Find the line containing "2016春新品女裝 韓版寬松喇叭袖拼接蕾絲雪紡連衣裙 /" in the entries below. Restate it and each line after it, word for word, up to and including the line containing "Und nun gute".

## Stored data

————————

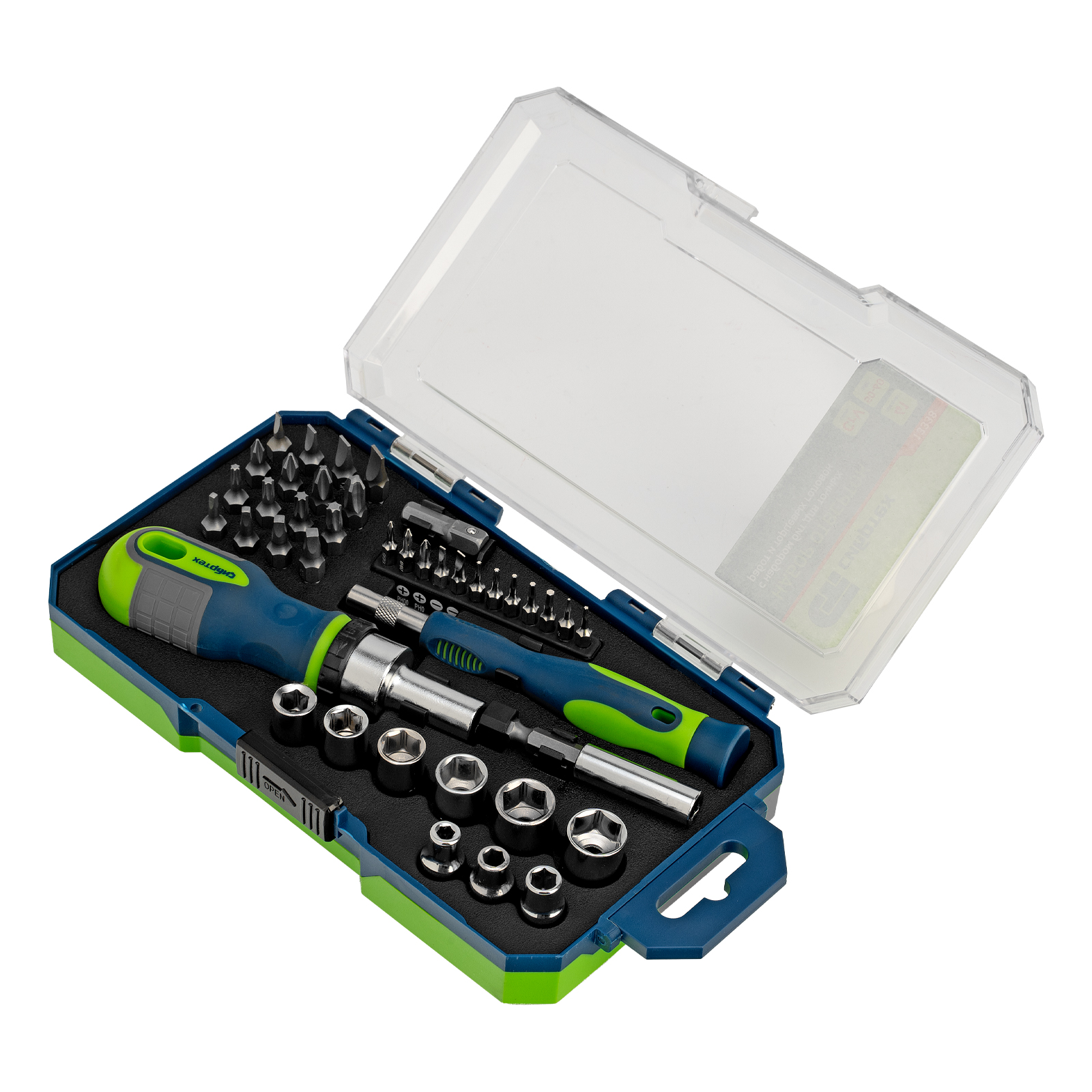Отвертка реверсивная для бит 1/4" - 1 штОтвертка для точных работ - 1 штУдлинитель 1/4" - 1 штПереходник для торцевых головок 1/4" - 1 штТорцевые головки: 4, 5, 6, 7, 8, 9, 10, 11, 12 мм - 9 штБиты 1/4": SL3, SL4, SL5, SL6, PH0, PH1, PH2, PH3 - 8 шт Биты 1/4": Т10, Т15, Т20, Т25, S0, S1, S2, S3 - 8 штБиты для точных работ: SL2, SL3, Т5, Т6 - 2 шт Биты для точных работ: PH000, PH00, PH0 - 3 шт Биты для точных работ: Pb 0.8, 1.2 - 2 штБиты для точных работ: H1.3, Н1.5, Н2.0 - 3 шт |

————————

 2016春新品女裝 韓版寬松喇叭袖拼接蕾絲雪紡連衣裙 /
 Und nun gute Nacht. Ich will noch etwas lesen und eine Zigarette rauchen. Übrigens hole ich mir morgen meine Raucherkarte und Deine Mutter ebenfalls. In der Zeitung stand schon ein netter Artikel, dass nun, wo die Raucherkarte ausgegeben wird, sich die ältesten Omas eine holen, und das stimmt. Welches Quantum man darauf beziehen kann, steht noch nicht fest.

————————

## Result
 2016春新品女裝 韓版寬松喇叭袖拼接蕾絲雪紡連衣裙 /
 Und nun gute Nacht. Ich will noch etwas lesen und eine Zigarette rauchen. Übrigens hole ich mir morgen meine Raucherkarte und Deine Mutter ebenfalls. In der Zeitung stand schon ein netter Artikel, dass nun, wo die Raucherkarte ausgegeben wird, sich die ältesten Omas eine holen, und das stimmt. Welches Quantum man darauf beziehen kann, steht noch nicht fest.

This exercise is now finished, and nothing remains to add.